At 04:53 PM 9/22/99 -0400, Jim Blaut wrote:
>"The sufficient condition can be questioned by the
>counterefactual of Spain and Portugal that in th einitial
>phase of colonial expansion seemed to be main beneficiaries
>of colonial exploitation. The Spaniards, for example, are
>'credited' with plundering virtually ALL Inca gold.  Yet,
>both countries became thrid rate industrial and military
>powers by the 18th century -  which indicates that plunder
>alone was not a suffcient condition for the capitalist
>takeoff."
>
>Spain and Portugal were the conduit through which the
>merchant-protocapitalist community in NW and Central Europe
>and Italy acquired the wealth from colonialism. This is
>perfectly well-known. The lack of development of Spain and
>Portugal is of no theoretical interest in this discourse.

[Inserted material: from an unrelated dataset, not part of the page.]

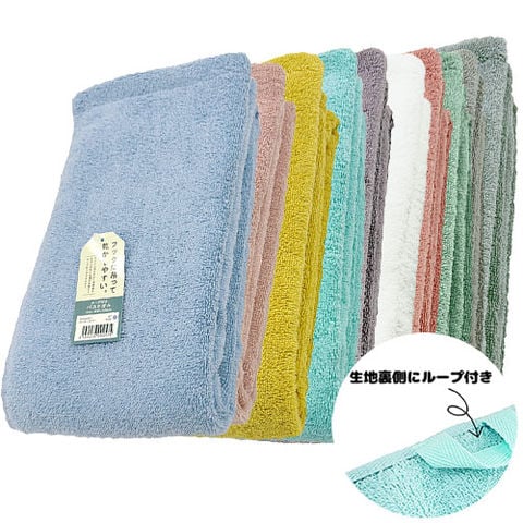 タオル 吊るせるバスタオル ローキーカラー BP494401、BP494402、BP494403、BP494404、BP494405、BP494410、BP494412、BP494414、BP494428、BP494429 やわらかい ボリューム感 肌触りが良い 滑らか 吸水性

Jim, I think this passage exemplifies the fundamental difference between
your and my position on the subject.  I am an empirical scientist, not an
erudite, I am concerned with emprical facts, not their interepretations in
the literature.  The empirical fact is that countries that benefited the
most directly from plundering South America were not able to transform that
advantage into a capitalist system (i.e. system that reproduces itself).
That seems to me a very important counterfactural evidence to the claim
that colonial exploitation was a sufficient condition for capitalism.

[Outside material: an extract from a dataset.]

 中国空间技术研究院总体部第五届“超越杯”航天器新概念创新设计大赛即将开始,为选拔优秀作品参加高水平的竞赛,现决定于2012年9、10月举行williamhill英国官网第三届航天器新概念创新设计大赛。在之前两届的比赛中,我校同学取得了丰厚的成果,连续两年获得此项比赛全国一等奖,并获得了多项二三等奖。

Your strategy seems to be declaring that fact irrelevant by a semantic
gimmick - calling the countries in question "conduits."  That is, you
implicitly affirm the fact that these countries passed their riches instead
of using them for capitalist development, but call it by a different name
and consider the case closed.  That may be good lit-crit, but poor
empirical science.  An inquiring mind would like to know what *internal
factors* made the difference bewteen "conduits" and "accumulators" i.e.
ordinary brigands who plundered civilizations for centuries, and
capitalists, a uniquely modern phenomenon.

In the same vein, you use a semantic gimmick to dismiss my argument about
the necessary condition.  I stated that neither Germany, Sweden or Japan
received any meaningful benefits from colonial exploitation - which is an
emprical fact, if the "meaningful benefits" are defined as those reaped by
Spain or England.  You dismiss that fact by changing the subject and saying
that the countries in question "partricipated" in colonial ventures
(without giving specific examples of the magnitude or character of that
'participation').  Well, my friend, Turks, Poles and Yugoslavs also
'participated' in the German post 2nd world war economic miracle - as
"guest workers."  Would you say that Turkey, Poland or Yugoslavia owes its
post-war development to their 'exploitation of the German economic boom?"

You also dismiss my argument that you may not have sufficient empirical
evidence to sort out effects of different variables by simply calling it
"babble."  Well, my friend, if you ran a multiple regression with twelve
variables plus interaction effects and six cases - you would be laughed out
of the stage.  What makes you think that a case-based approach is any
different, from a methodological point of view.

To summarize, your strategy seems to be based on drowning your causal model
(if any) in a constant stream of quotations, name dropping, and literary
references.  That makes good literary criticism or talmudic scholarship,
but do not quite qualifies as empirical science.